[INPUT FOR THIS TASK]:
####################

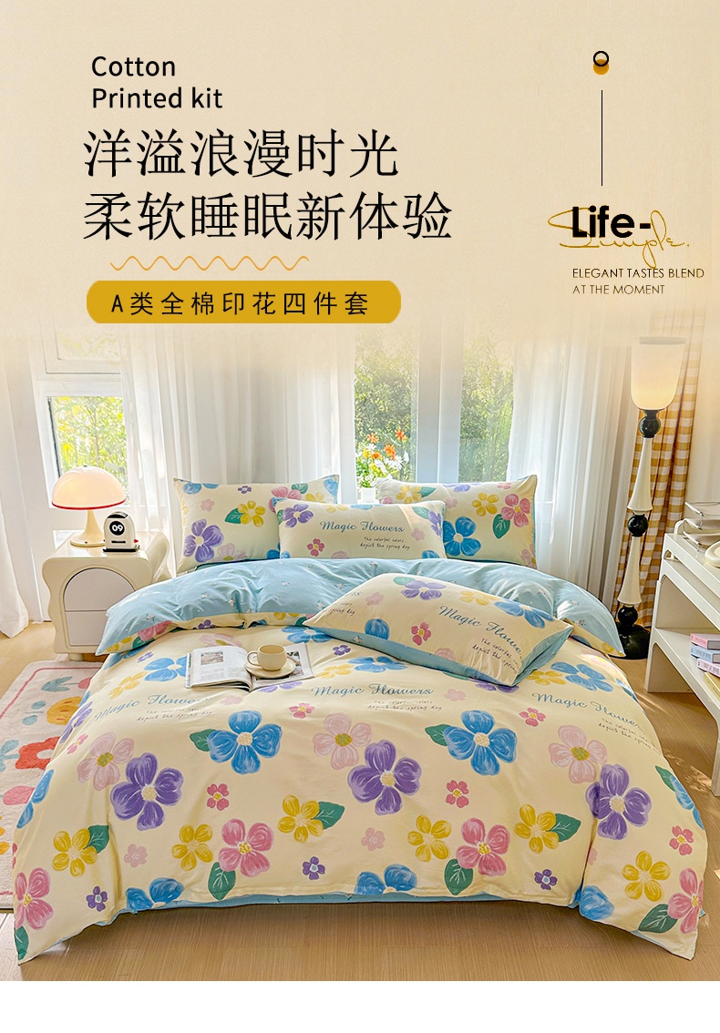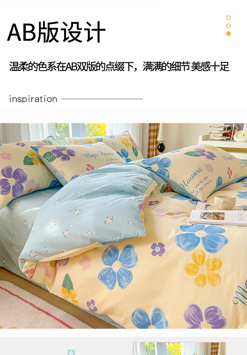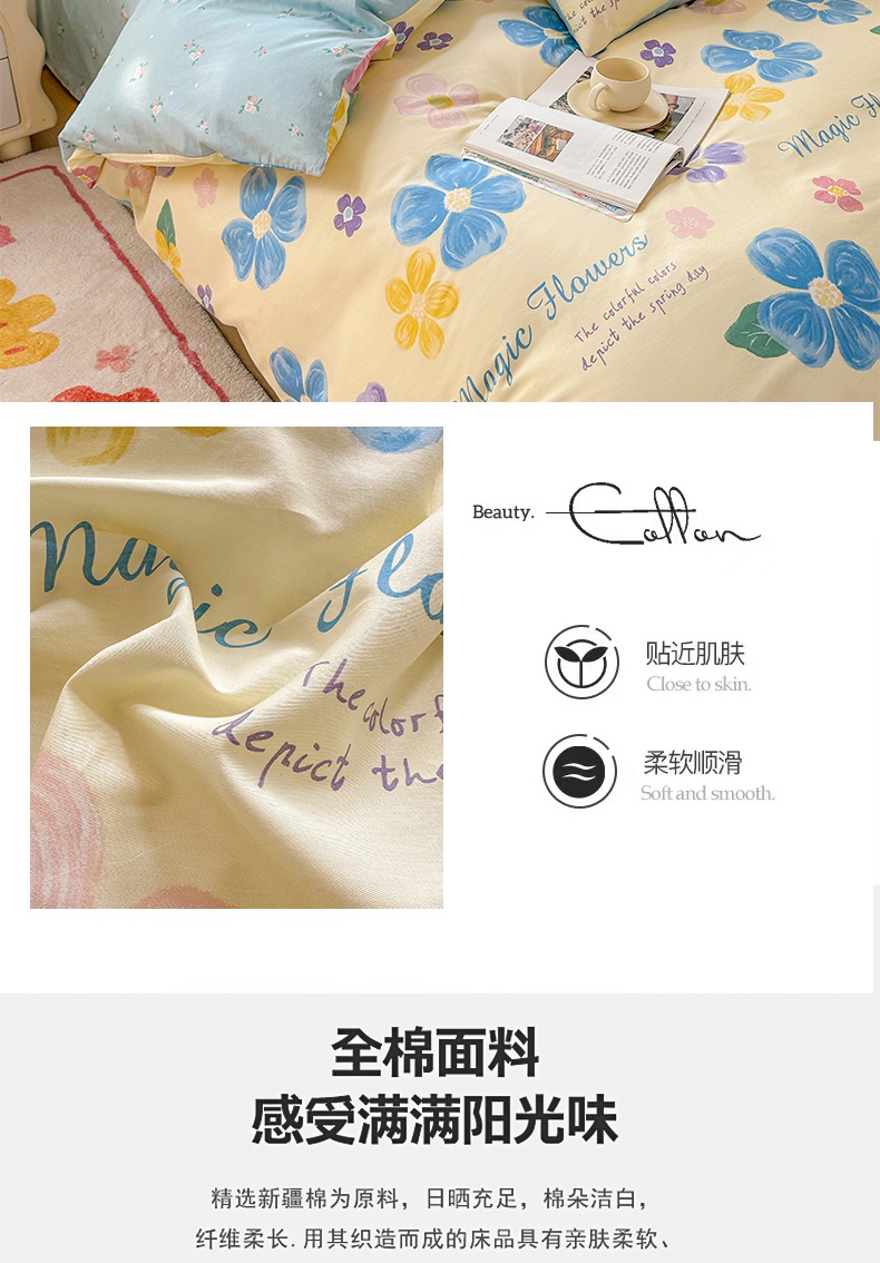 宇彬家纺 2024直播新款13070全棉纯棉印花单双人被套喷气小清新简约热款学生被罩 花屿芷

####################

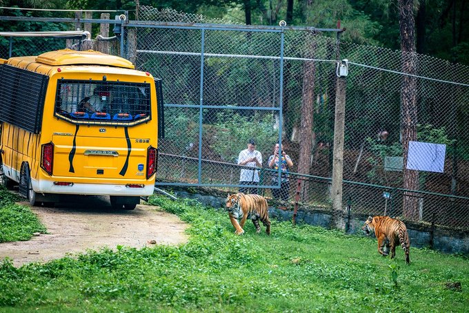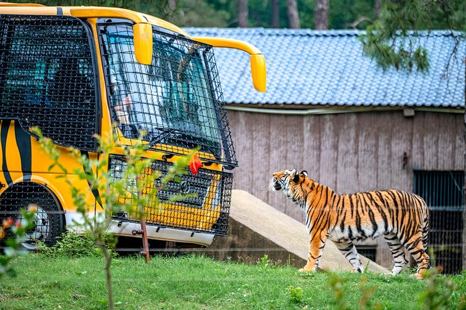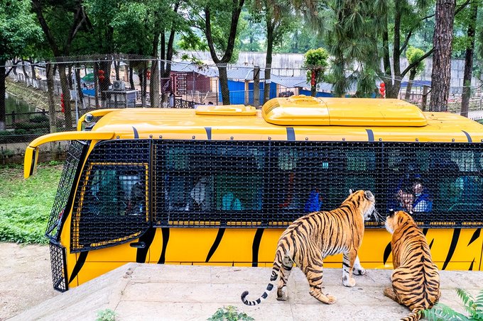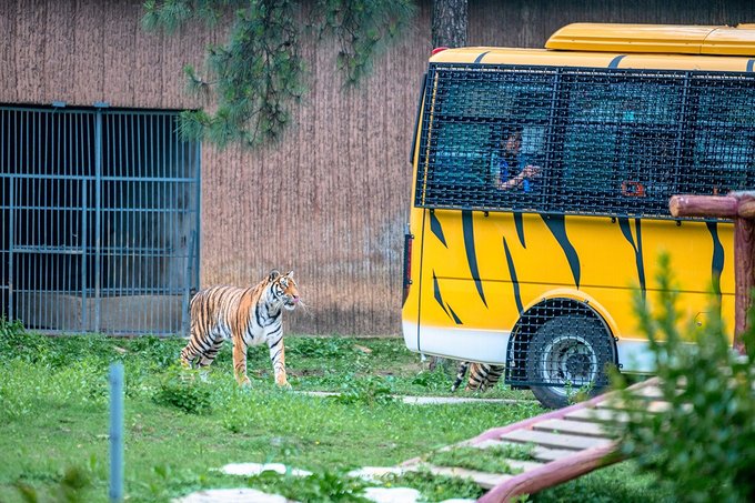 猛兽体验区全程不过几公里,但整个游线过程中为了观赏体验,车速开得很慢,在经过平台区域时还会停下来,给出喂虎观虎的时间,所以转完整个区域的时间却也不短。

####################

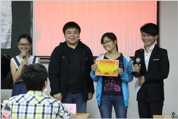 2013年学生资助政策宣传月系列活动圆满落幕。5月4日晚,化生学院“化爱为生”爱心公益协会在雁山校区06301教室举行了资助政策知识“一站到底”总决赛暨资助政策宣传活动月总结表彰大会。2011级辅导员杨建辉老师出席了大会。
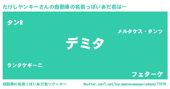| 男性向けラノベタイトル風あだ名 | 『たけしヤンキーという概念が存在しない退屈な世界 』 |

####################

Although pictures appear among the records above, write out exactly only the lines from the one that has "2013年学生资助政策宣传月" through the one that has "男性向けラノベタイトル風あだ名 | 『たけしヤンキーという概念が存在しない退屈な世界 』 |", and leave the pictures out.

 2013年学生资助政策宣传月系列活动圆满落幕。5月4日晚,化生学院“化爱为生”爱心公益协会在雁山校区06301教室举行了资助政策知识“一站到底”总决赛暨资助政策宣传活动月总结表彰大会。2011级辅导员杨建辉老师出席了大会。
| 男性向けラノベタイトル風あだ名 | 『たけしヤンキーという概念が存在しない退屈な世界 』 |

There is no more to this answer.